Mr. Torres completed the requisite medical examinations on July 12 and August 9, 1978, respectively. Five days later on August 14, 1978, Mr. Torres died of a gunshot wound accidentally inflicted by his bodyguard. No policy had been issued at this time nor had the company received the results of Mr. Torres's second medical examination. Thus the "effective" date of the policy became the "triggering" factor critical to the determination of insurance coverage.

Meanwhile, the sight draft obtained from Mr. Torres on June 1, 1978, travelled a long and winding course in search of payment.3  Although the draft had been processed through the bank's foreign collections department, it had not been paid prior to Mr. Torres's death. On August 15, 1978, Standard Life Insurance Company wrote to Mr. Darlow informing him that Torres's policy had never taken effect. "No policy was ever issued and accepted by applicant and no insurance took effect under the conditional receipt because, among other things, there had been no payment. The check offered as payment never was honored by the bank so there is no money to return." Letter from W. S. Beckwith to Martin Darlow (Aug. 15, 1978); record, vol. IV, at 175. On September 22, 1978, the plaintiff obtained a cashier's check drawn on trust account funds and sent it to the insurer's bank, which had continued its efforts to collect on the original sight draft.4  The insurer directed the bank to return the check and refused to accept it as payment of the draft.

It is at this juncture the dispute began. The plaintiff filed the complaint alleging the facts as set forth above and that "(a)ll conditions precedent to payment of the proceeds under the policy (had) been performed." Record, vol. I, at 5. The defendant moved to dismiss the complaint and averred the plaintiff had failed to allege facts binding the defendant on a contract of insurance and that "no policy was to be issued by the Defendant until it had investigated all aspects of the application, and there is no allegation that such investigation had been completed, and that the Defendant was satisfied that it was willing to insure the life of the deceased." Id. at 14. The trial court denied the motion. The defendant subsequently answered the complaint. In its answer, the defendant admitted the existence of the application and the sight draft, and the death of the applicant. The defendant did, however, specifically point out that the sight draft was never honored, never generated funds, nor was its present location known. The defendant denied that Mr. Huff had "any interest in or any right to recover any sums of money...." Id. at 29. Further, the defendant denied the existence of any insurance on the date of Mr. Torres's death.
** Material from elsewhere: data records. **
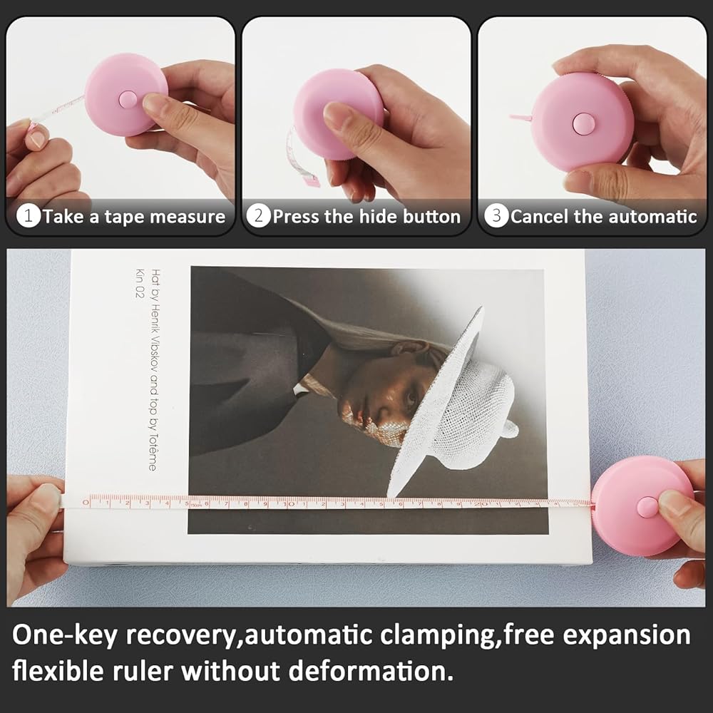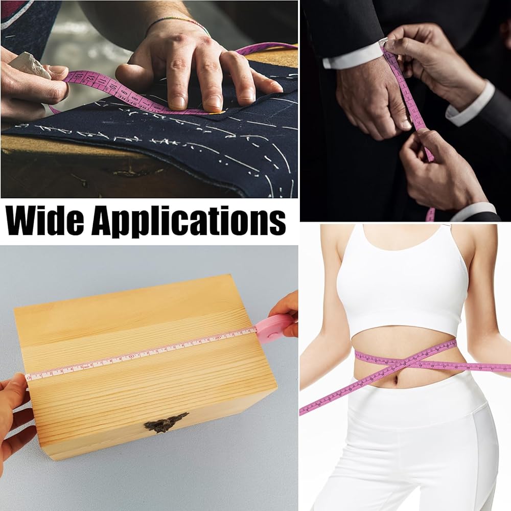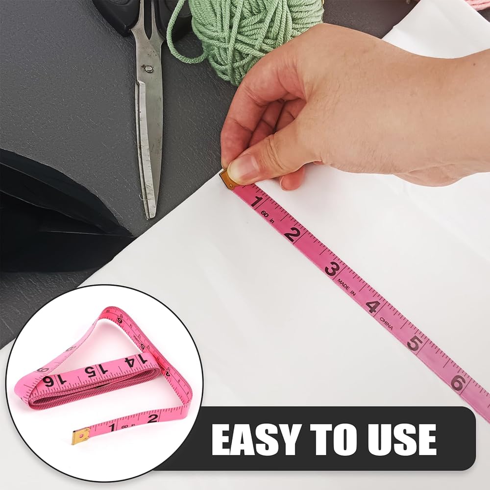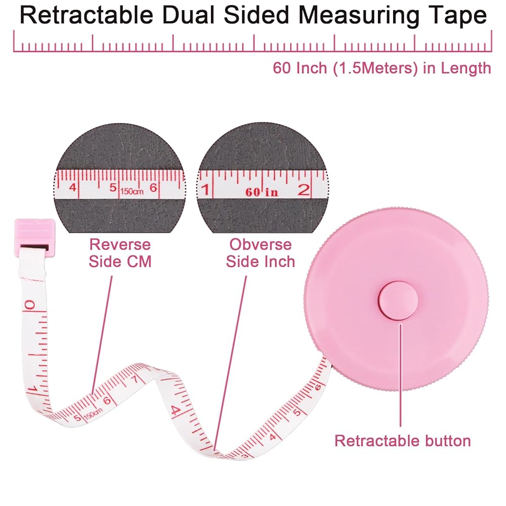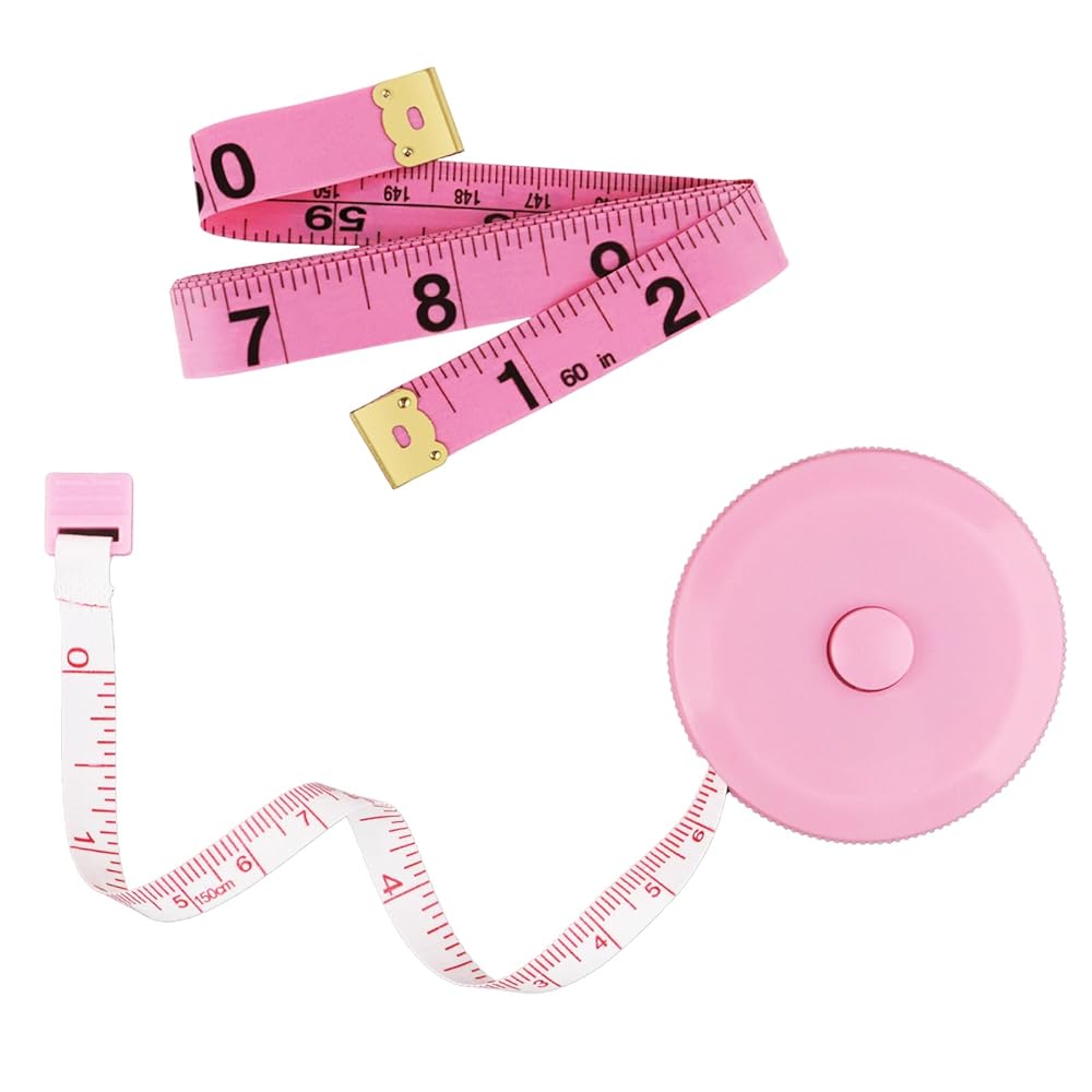 Discover precision measuring made simple with this versatile 2-pack of GDMINLO measuring tapes. Each tape measure extends to a generous 60 inches, making them perfect for body measurements, sewing projects, tailoring work, and various crafting needs. The set features attractive pink/white dual-sided color combinations, ensuring clear visibility and easy reading in any lighting condition. The smooth retractable mechanism allows for convenient storage and portability, while the durable plastic construction ensures lasting performance. These flexible tapes conform perfectly to curved surfaces for accurate body measurements, making them ideal for tracking fitness progress or taking garment measurements. With 0.1-inch measurement accuracy, you can count on precise results for all your measuring needs. Keep these handy tools in your sewing kit, craft room, or tailoring workspace for quick access whenever measurement tasks arise. The practical button lock feature helps maintain your measurements exactly where you need them.
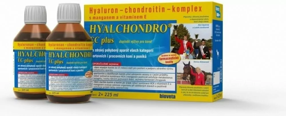 Hyalchondro EC plus 2x225ml - Unikátny výživový doplnok určený na podporu vývoja a udržania zdravého pohybového aparátu všetkých kategórií športových a pracovných koní a pony. Prípravok obsahuje najvyššiu koncentráciu kyseliny hyalurónovej a chondroitín sulfátu v dennej dávke za najvýhodnejšiu cenu na trhu.
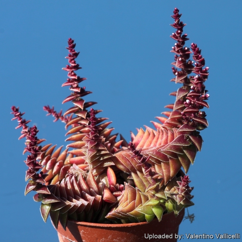 Resembles a miniature, clumping form of Crassula capitella. Very unique form, with leaves neatly arranged in four ranks in shades of red, purple, and green. White blooms.
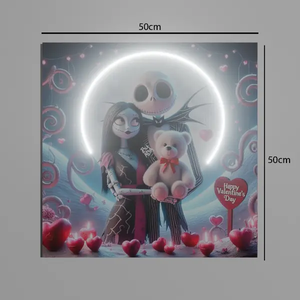 ¡Haz que tu hogar se llene de la magia y el encanto de Halloween Town con el Cuadro Decorativo Con Luces Extraño Mundo de Jack y Su Novia V316! Esta pieza es la combinación perfecta de arte, estilo y tecnología, que transformará tu espacio con un toque de lo más peculiar y encantador.
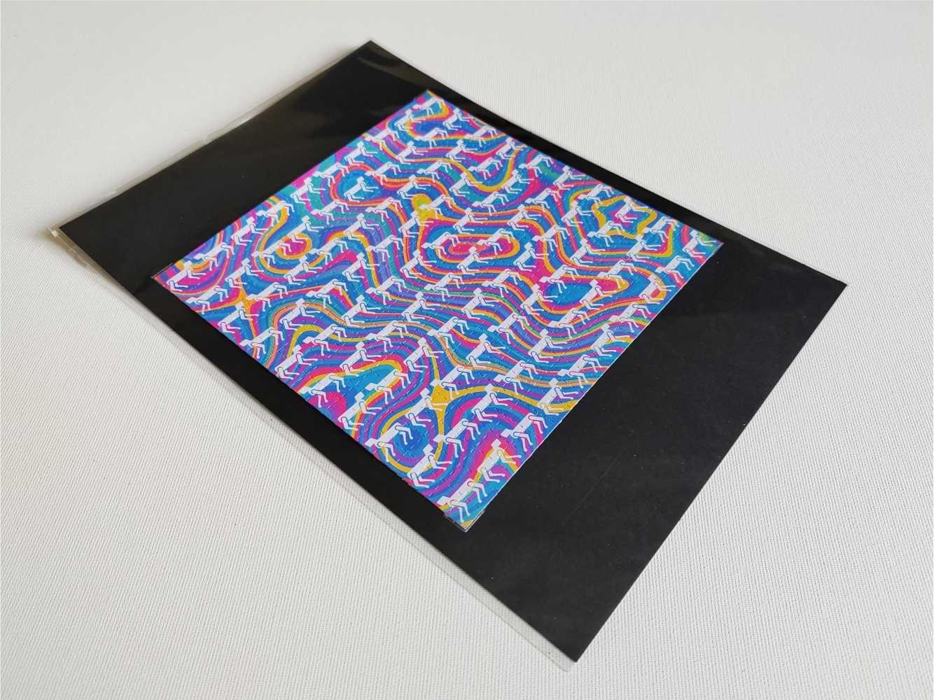 Delux packing: The blotter is mounted onto an A4-sized black photo board using transparent photo corner stickers and placed into a BOPP celophane sleeve with hanging hole.
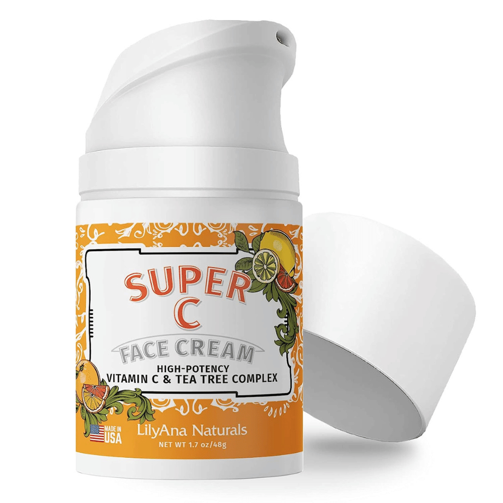 This vitamin C-rich facial cream from LilyAna Naturals provides a highly effective yet gentle solution for brightening tired looking skin and reducing hyperpigmentation. Containing Ascorbyl Palmitate form of vitamin C, it promotes an overall radiant complexion with consistent use. The formula also includes powerful antioxidants such as green tea extract and vitamin C and E which work to protect the skin from environmental damage. The addition of anti-bacterial tea tree oil and hydrating aloe vera gel aid in soothing inflammation-prone skin without over-drying. Users appreciate the thin, non-comedogenic texture which absorbs quickly into the skin to avoid pilling or balling up under sunscreens or makeup when applied.
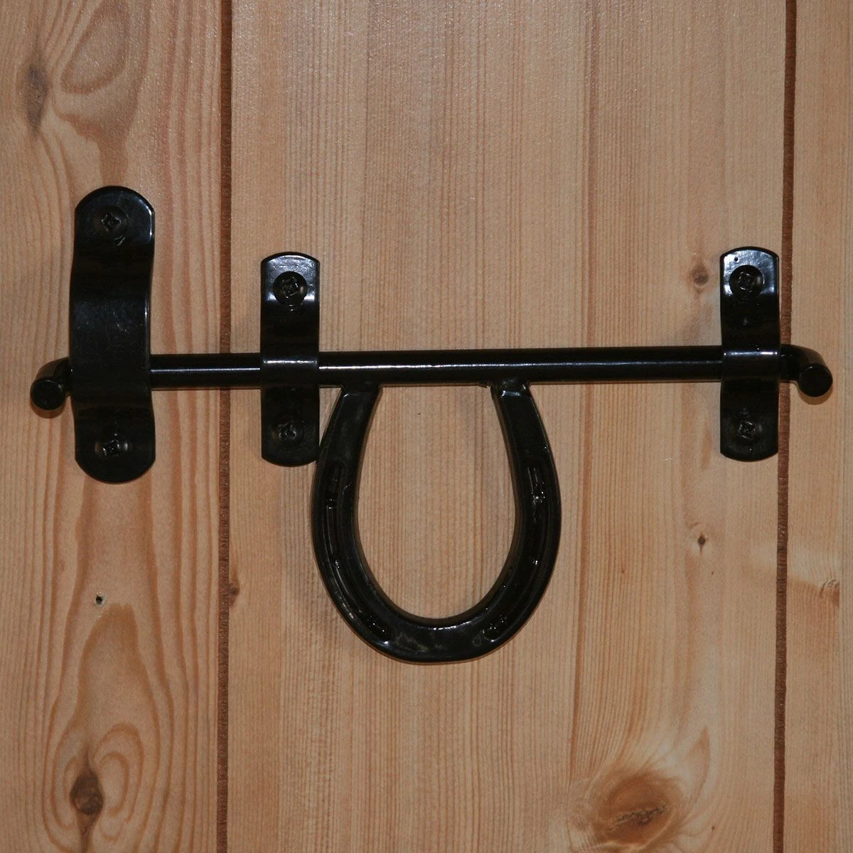 Add a traditional, stylish flair to your barn or stall doors with the Newport Blacksmith Decorative Barn Door Latch. Available in a classic horseshoe or a more decorative horsehead portrait within a horseshoe, either design is hand crafted from heavy duty steel. Designed to fit either left or right-hand doors. Suitable for sliding or swinging doors, the black powder coated finish creates an elegant, timeless look that’s perfect for any hobby farm or AAA-level show or race facility.
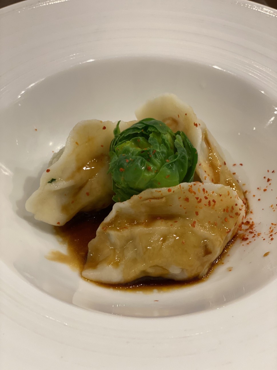 ラー油と一味の辛さがほどよい水餃子。
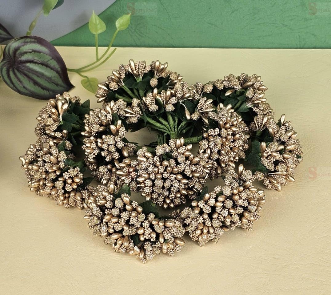 Package Includes : 12 bunches of Artificial Pollen Tiara jewellery making flowers / Material:- Fabric / Color:- Golden / Size: 9 cm x 8 cm (L x H)
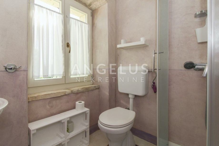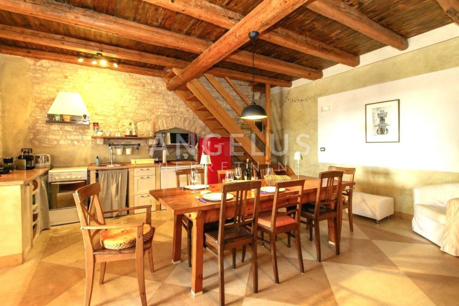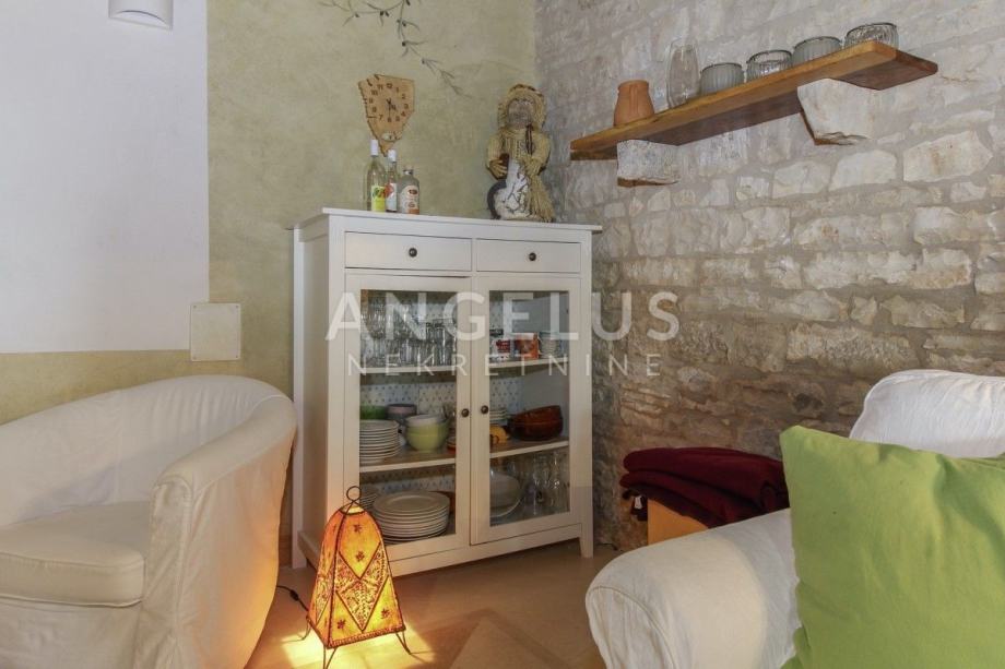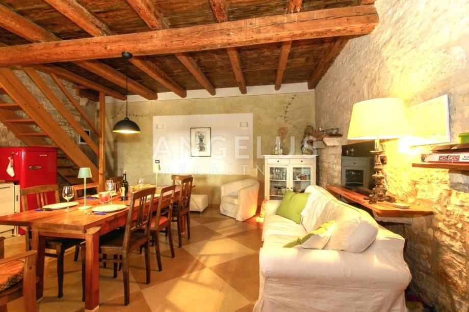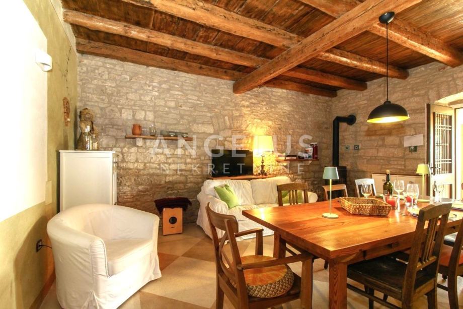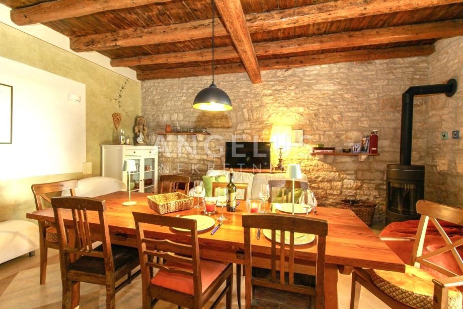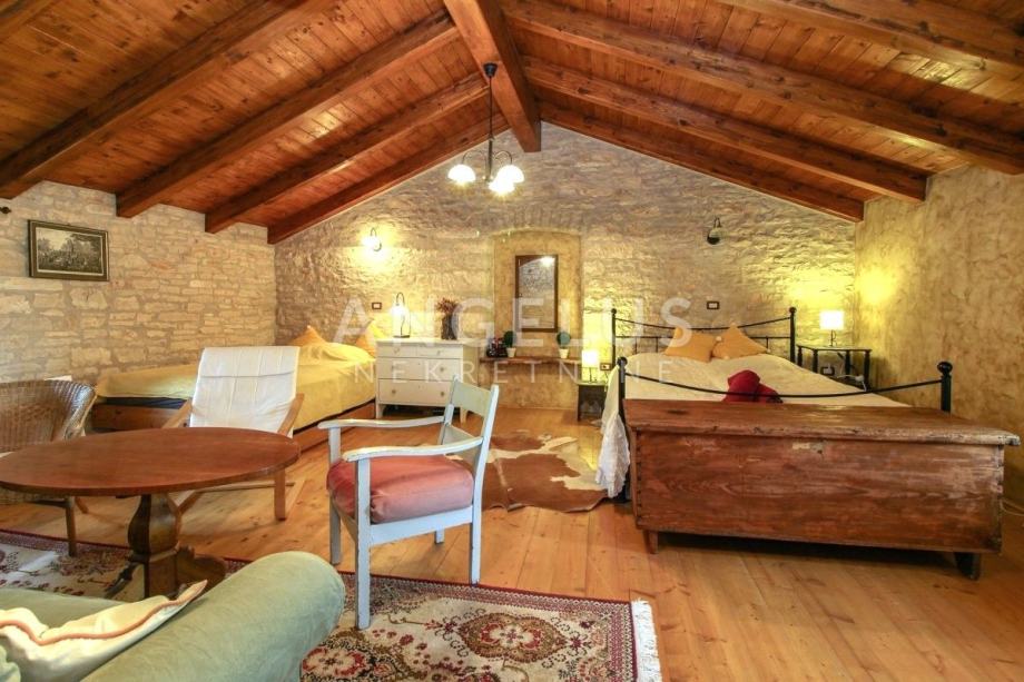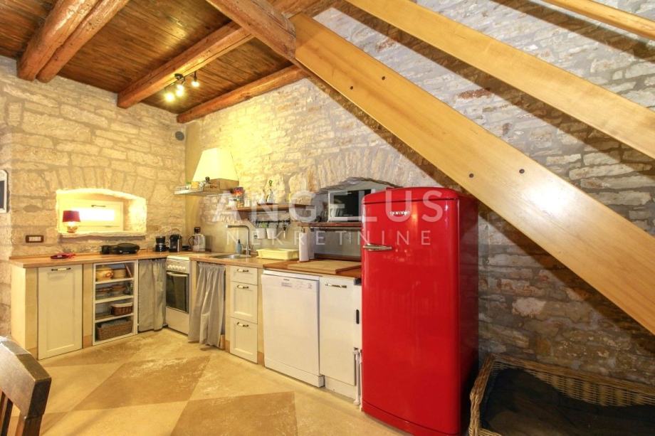 OPIS: Prodaje se tradicionalna kamena kuća koja se nalazi u malenom selu središnje Istre, u sklopu općine Svetvinčenat koje je još uvijek očuvalo svoj mir i neotkrivenost. U ovom selu nema puno kuća, a niti stanovnika. Kod uređenja kuće se vodilo računa o autohtonosti, namještena je sa puno ljubavi i pažnje te je u potpunosti opremljena i spremna za useljenje. Sastoji se od velikog dnevnog boravka, kuhinje i blagovaonice u konceptu otvorenog prostora u prizemlju iz kojeg se drvenim stepenicama pristupa katu gdje se nalaze dvije spavaće sobe i kupaonica sa tušem. Obje spavaće sobe su opremljene bračnim krevetom i ormarom. Sa prvog kata se pristupa drugom katu (potkrovlju) koje je u potpunosti otvoreno te namješteno sa bračnim krevetom, jednim krevetom za jednu osobu i mjestom za opuštanje. Na gornjem katu također postoji kupaonica sa tušem.
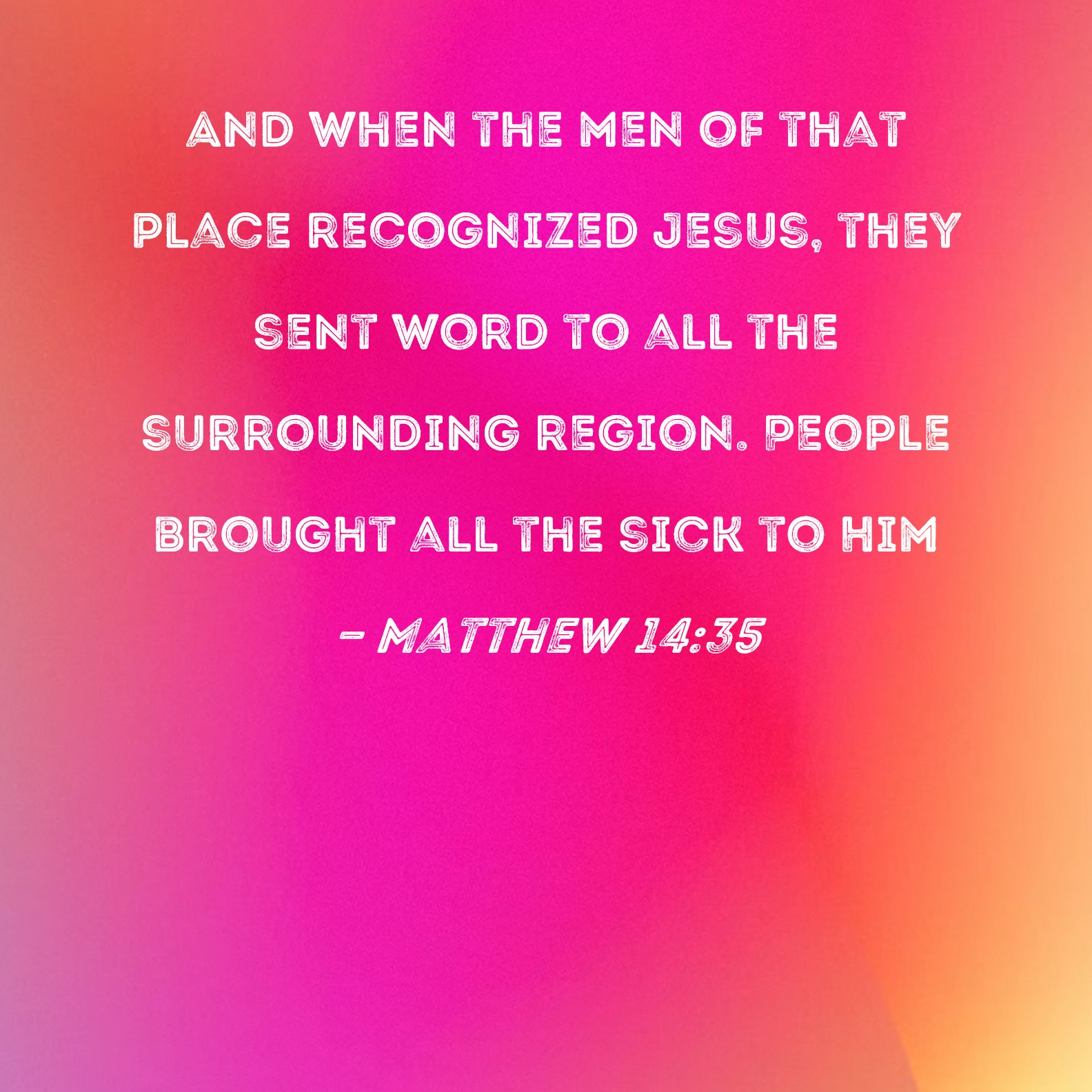 Matthew 14:35 And when the men of that place recognized Jesus, they sent word to all the surrounding region. People brought all the sick to Him

Unable to agree on a pretrial stipulation, the defendant filed a unilateral stipulation in which it listed the factual issues to be litigated as: (1) the plaintiff's right to maintain the action; (2) the identity of the intended beneficiary; (3) the existence of consideration for the conditional receipt; and (4) whether Mr. Torres was a risk acceptable to the company. As issues of law for the court, the defendant listed (1) the plaintiff's right to bring the action due to his dual role as plaintiff, by virtue of a trusteeship, and attorney; (2) the validity of the alleged assignment; and (3) the ramifications of the plaintiff's attempt to satisfy the obligation of the sight draft by subsequent substitution of a cashier's check after the applicant's death.

At trial the plaintiff presented two witnesses, the insurance agent, Mr. Darlow, and Robert G. Gillespie, Jr., senior vice president and general counsel of Standard Life Insurance Company. Mr. Darlow testified to the circumstances surrounding the application, receipt of the sight draft, and the communication which took place at the time of Mr. Torres's death. Mr. Gillespie's testimony concerned the company's decision to deny coverage and its subsequent communication of this information to Mr. Darlow. The documentary evidence consisted of the insurance application, a facsimile of the conditional receipt given to Mr. Torres,5  the company's letter denying the existence of any insurance, and the claimant's statement.6 

At the close of the plaintiff's case, the defendant moved for a directed verdict.7  The defendant articulated four bases upon which to grant the motion: (1) plaintiff's failure to establish Mr. Huff's right to bring suit; (2) his "failure to show any evidence" of consideration for the insurance policy; (3) his failure to prove the existence of effective insurance; and (4) his failure to show that Mr. Torres was a risk acceptable to Standard Life Insurance Company as specified in the conditional receipt. The plaintiff continued to argue that the defendant had failed to deny the satisfaction of conditions precedent with particularity and specificity, that this failure had alleviated his burden of proof as to them, and that the receipt established a prima facie case of payment. The trial judge agreed to a certain extent, but found that:

whatever prima facie case Plaintiff established at that time certainly was vitiated by the documentary exhibit ... stating that "no insurance took effect under the conditional receipt because, among other reasons, there has been no payment. The check-" which is certainly loose language on the part of the Defendant-"offered as payment never was honored by the bank so there is no money to return."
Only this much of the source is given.